>>>>>

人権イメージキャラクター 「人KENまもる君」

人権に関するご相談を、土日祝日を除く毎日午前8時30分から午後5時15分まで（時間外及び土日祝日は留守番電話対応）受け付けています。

<<<<<
>>>>>

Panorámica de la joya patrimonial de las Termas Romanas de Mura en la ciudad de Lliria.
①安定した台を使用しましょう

<<<<<
>>>>>

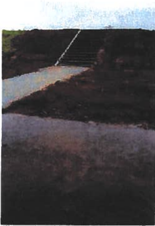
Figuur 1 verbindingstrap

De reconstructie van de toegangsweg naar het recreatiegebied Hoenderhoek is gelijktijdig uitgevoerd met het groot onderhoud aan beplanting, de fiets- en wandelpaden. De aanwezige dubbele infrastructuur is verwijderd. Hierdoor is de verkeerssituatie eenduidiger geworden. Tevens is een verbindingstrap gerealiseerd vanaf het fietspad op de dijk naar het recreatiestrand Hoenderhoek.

<<<<<

About this exercise: How many lines in the records above hold the string "verbindingstrap"? Only the number is wanted.

Solved problem: 2